Though video games are a comparatively young form of media, they have had an unhappy history with anti-violence activists. The Huffington Post reports that mainstream suspicion of violent video games stretches back to 1976, when protesters seized and destroyed arcade cabinets of Death Race following accusations that the arcade game’s displays of violence (which involved running over stick-figure shaped “Gremlins”) could have potentially disastrous effects on the developing psyches of the youth.

This trend continued through the decades. Violent video games such as Doom were thought to have motivated the Columbine High School shooters. Adam Lanza, the individual responsible for the Sandy Hook shooting, was thought to have been partially motivated by violent video games.

Those opposed to violence in video games believe that displays of violence in the virtual world desensitize younger children to violence in the real world. Video games such as Call of Duty and Battlefield are particularly reviled for their perceived role in desensitizing young children to gun violence.

The belief amongst activist is that if a player spends several hours a day shooting people in a virtual setting, it will be all too easy to pull the trigger on people in the real world.

That said, these claims are often supported (and refuted) with studies of dubious scientific merit. One of the more recent credible studies conducted by the American Psychological Association has found that there is a possible correlation between playing video games and increased aggression, but not increased violence.

To put it simply, the study believes that people spend a lot of time playing video games may experience more aggressive thoughts, but are no more likely to actually act upon these thoughts.

This study has not been safe from scrutiny, however. The BBC reports that over 200 academics have signed an open letter criticizing the research methodology used by the study.

Activists who fight against the censorship of violent video games argue that it is not the media, but the person who consumes the media. Gaming website Gamasutra has called video game violence the “old scapegoat,” the one thing news outlets and activists will blame in the absence of, or in spite of, other information about the shooter.

Violence in film and television has also been a subject of public debate and scientific research.
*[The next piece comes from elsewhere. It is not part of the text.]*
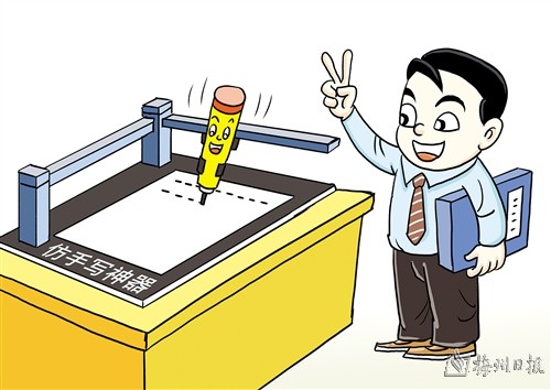 热销3万+,一款“仿手写神器”在电商平台火了。机器人提起笔摆动“双臂”,一起一落之间,纸上就出现了几行像真人写出来的字。当前,手写机器人已成为一些苦于手写材料的“打工人”的办公神器。有专家表示,要求各类材料全部都手写,是典型的形式主义表现。这无助于解决考核监督期望解决的问题,甚至适得其反。刘志永/图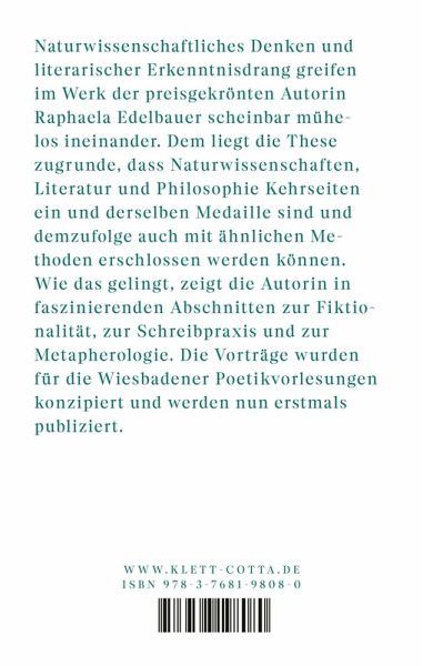 Im Werk von Raphaela Edelbauer greifen naturwissenschaftliches Denken und literarischer Erkenntnisdrang scheinbar mühelos ineinander. Dem liegt die These zugrunde, dass Naturwissenschaften, Literatur und Philosophie Kehrseiten ein und derselben Medaille sind und demzufolge auch mit ähnlichen Methoden erschlossen werden können. Wie das gelingt, zeigt die Autorin in faszinierenden Abschnitten zur Fiktionalität, zur Schreibpraxis und zur Metapherologie. Die Vorträge wurden für die Wiesbadener Poetikvorlesungen konzipiert und werden nun erstmals publiziert.

Psychology Today reported that the National Rifle Association criticized violence in television and other forms of media as the “primary cause of mass violence.” The Washington post reported in 2013 that actor Jim Carrey, star of the violent film Kick Ass 2 stated that we wished to distance himself from the movie after the Sandy Hook massacre.
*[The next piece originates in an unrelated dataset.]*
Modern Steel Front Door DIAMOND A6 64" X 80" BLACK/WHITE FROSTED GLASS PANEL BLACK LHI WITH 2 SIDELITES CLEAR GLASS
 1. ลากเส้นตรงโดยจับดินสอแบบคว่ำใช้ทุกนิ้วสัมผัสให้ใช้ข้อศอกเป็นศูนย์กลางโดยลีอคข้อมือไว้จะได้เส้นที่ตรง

Much like video games, some studies have shown that people who spend a lot of time watching violent films or television are more likely to experience aggressive thoughts. However, a particular concern amongst critics of violent movies is the risk of “imitation crime.” The BBC has reported that British woman Kuntal Patel attempted to murder her mother using abrin, a poison similar to the ricin used by character Walter White in Breaking Bad. Additionally, the Guardian has reported that the violent film A Clockwork Orange has allegedly inspired several “copycat murders.”

Though numerous studies have found a link between consumption of violent media and aggressive thoughts, there are a number of caveats. Studies by the American Psychological Association have explicitly stated that consumption of violent media is not the only cause of aggressive thoughts. Additionally, many of the people “inspired” by violent media were mentally ill.

The New York Times reports that Adam Lanza’s psychological problems went “completely untreated” prior to his massacre at Sandy Hook. Though not a gamer, ABC news reports that the Virginia tech shooter, Seung-Hui Cho, had exalted the Columbine shooters as “martyrs,” and believed that he had been “forced” to carry out his massacre of Virginia Tech students.

The truth seems to be somewhere in the middle. Consumption of violent media may lead to an increase in aggressive thoughts, but these thoughts are not necessarily acted upon. While many mass shooters were heavy consumers of violent film, television, and video games, a large majority of them were mentally ill.